* **Supplied material**
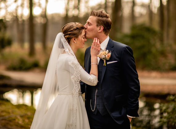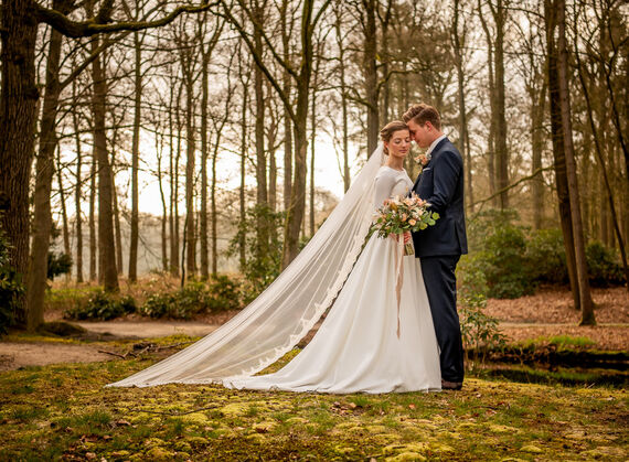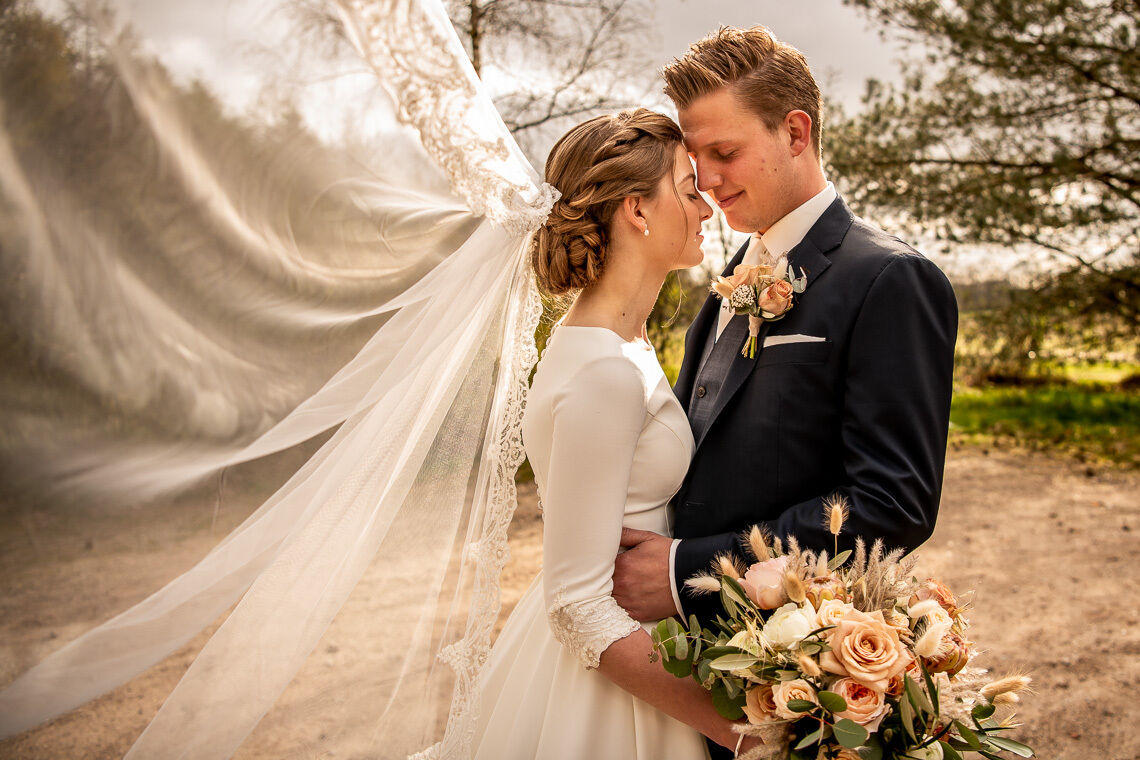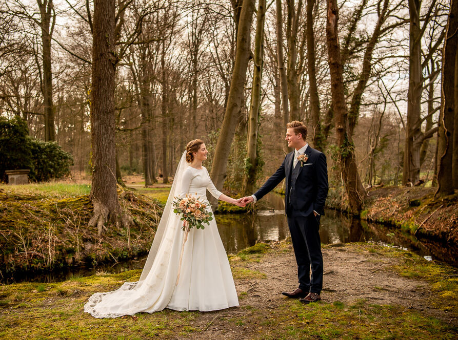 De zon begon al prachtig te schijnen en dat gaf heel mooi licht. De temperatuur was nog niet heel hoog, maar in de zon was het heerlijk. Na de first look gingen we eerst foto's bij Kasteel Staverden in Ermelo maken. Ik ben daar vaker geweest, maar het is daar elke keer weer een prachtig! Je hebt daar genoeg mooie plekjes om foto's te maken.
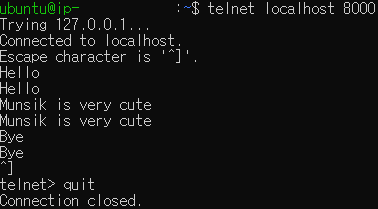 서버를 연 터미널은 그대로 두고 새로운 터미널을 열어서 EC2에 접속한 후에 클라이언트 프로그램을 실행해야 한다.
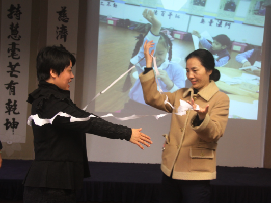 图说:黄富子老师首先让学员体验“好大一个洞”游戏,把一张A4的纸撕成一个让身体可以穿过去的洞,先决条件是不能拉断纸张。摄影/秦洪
---
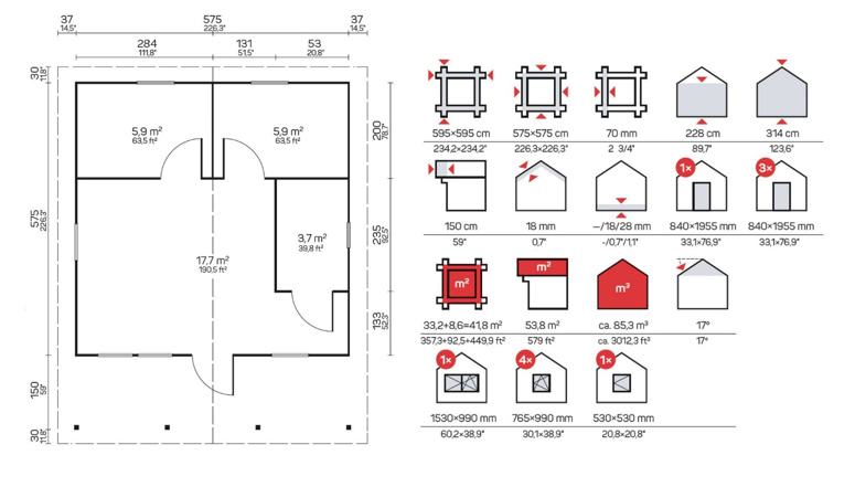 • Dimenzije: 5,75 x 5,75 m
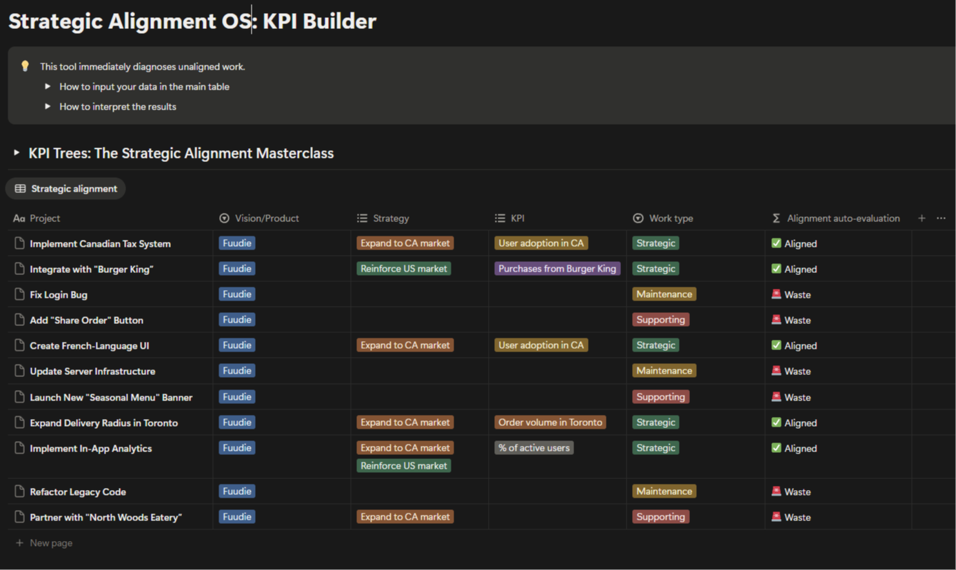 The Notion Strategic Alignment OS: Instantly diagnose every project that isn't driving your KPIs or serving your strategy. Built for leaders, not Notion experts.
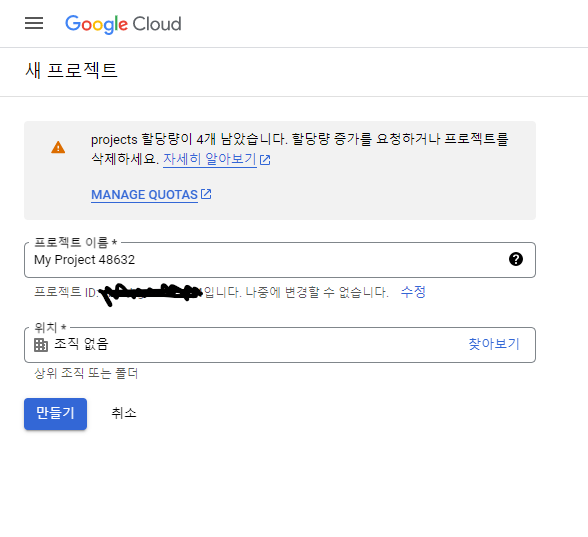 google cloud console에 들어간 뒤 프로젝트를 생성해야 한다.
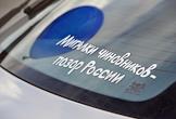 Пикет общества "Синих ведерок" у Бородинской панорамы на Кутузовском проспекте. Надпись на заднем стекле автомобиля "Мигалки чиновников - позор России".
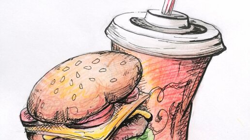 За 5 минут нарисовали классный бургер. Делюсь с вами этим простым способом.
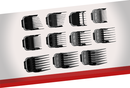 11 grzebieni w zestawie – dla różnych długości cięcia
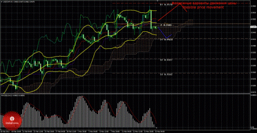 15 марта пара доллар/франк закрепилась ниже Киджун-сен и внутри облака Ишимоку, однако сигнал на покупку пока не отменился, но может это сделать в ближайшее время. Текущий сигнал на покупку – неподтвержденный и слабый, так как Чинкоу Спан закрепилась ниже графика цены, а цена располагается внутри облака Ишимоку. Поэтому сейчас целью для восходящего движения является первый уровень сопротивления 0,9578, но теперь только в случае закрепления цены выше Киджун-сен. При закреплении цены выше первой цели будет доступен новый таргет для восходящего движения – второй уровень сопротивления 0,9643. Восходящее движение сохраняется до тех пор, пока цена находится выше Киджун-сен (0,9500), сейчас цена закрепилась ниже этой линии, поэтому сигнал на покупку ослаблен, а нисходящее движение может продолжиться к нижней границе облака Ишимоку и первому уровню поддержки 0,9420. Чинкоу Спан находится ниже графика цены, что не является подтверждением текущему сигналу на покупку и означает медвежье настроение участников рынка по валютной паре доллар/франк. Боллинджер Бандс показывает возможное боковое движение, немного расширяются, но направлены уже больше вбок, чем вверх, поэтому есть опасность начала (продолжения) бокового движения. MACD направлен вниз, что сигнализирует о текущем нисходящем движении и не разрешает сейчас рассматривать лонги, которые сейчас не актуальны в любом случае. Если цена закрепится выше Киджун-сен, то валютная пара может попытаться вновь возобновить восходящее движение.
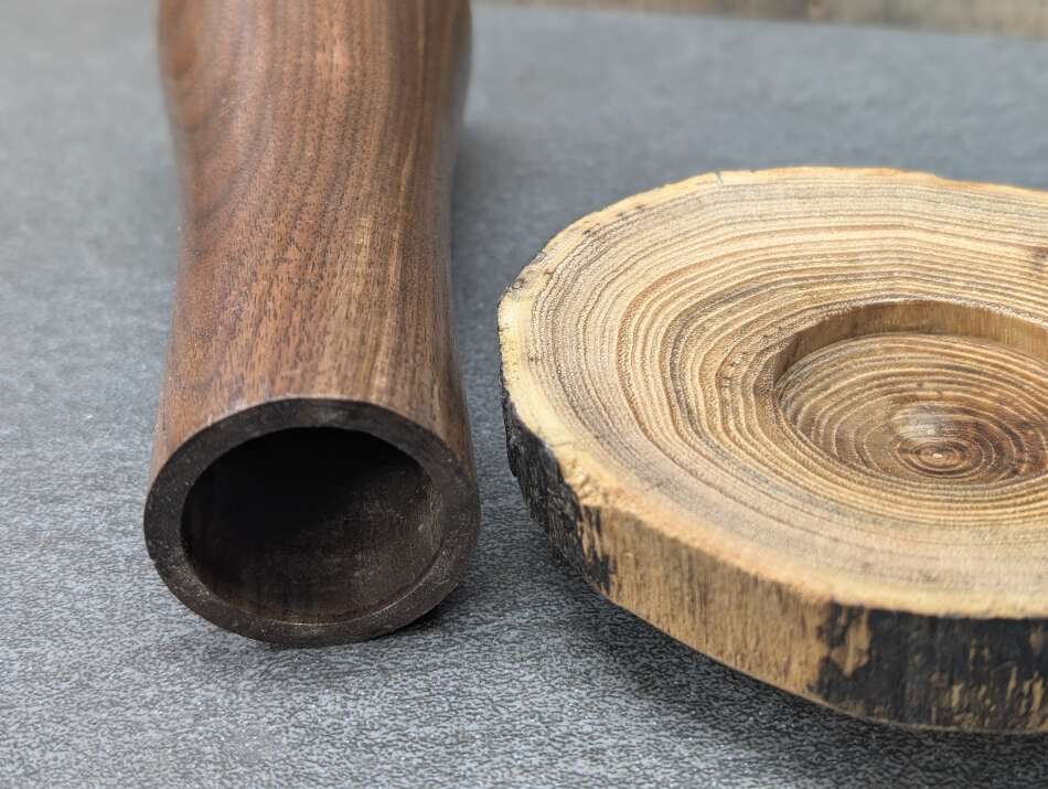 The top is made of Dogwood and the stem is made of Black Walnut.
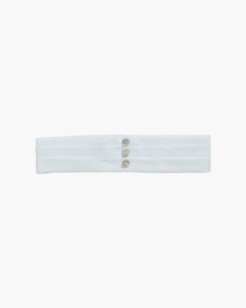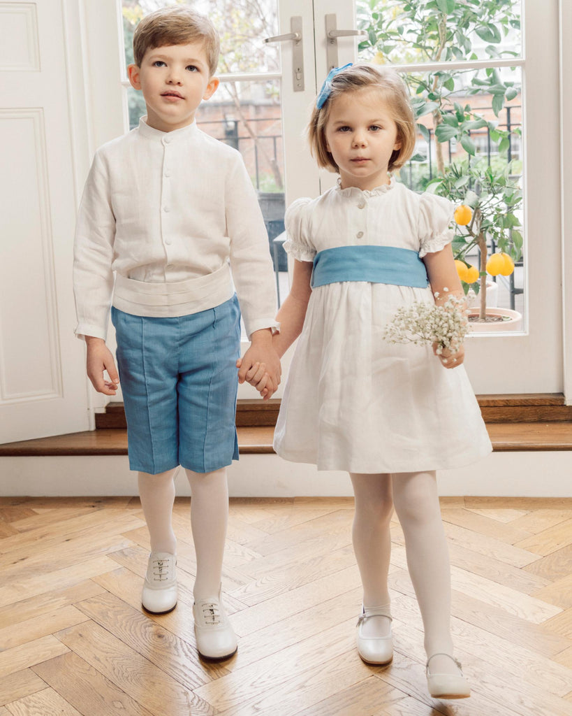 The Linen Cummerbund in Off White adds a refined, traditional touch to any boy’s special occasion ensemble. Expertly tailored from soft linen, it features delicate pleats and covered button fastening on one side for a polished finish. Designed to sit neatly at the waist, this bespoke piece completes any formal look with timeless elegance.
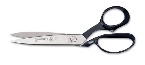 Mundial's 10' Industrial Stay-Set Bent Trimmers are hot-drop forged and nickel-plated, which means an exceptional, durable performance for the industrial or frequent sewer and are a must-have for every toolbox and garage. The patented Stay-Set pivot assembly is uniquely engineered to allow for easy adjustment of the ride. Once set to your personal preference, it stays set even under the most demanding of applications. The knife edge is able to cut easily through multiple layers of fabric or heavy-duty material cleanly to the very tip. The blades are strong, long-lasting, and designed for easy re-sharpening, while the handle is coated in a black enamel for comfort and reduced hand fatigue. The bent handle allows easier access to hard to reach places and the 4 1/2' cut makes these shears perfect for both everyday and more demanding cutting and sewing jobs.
...
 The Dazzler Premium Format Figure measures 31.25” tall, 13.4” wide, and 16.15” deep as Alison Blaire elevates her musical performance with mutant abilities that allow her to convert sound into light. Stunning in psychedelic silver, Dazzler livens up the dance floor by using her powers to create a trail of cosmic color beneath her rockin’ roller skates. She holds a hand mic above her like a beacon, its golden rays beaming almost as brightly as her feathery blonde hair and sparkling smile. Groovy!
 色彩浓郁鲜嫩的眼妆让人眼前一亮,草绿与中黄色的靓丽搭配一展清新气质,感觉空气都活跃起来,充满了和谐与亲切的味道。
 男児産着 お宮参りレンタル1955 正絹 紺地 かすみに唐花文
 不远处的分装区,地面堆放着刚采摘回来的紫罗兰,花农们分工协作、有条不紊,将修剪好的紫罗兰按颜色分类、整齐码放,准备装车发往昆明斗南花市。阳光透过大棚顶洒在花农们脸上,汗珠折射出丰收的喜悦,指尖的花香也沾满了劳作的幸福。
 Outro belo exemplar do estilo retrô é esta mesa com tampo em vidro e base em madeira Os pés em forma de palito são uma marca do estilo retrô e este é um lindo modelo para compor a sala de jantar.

* **The problem**
From the records above, write out exactly the lines that begin at the line with "서버를 연 터미널은 그대로" and end at the line with "图说:黄富子老师首先让学员体". Pictures must not appear in the output.

* **Completed task**
 서버를 연 터미널은 그대로 두고 새로운 터미널을 열어서 EC2에 접속한 후에 클라이언트 프로그램을 실행해야 한다.
 图说:黄富子老师首先让学员体验“好大一个洞”游戏,把一张A4的纸撕成一个让身体可以穿过去的洞,先决条件是不能拉断纸张。摄影/秦洪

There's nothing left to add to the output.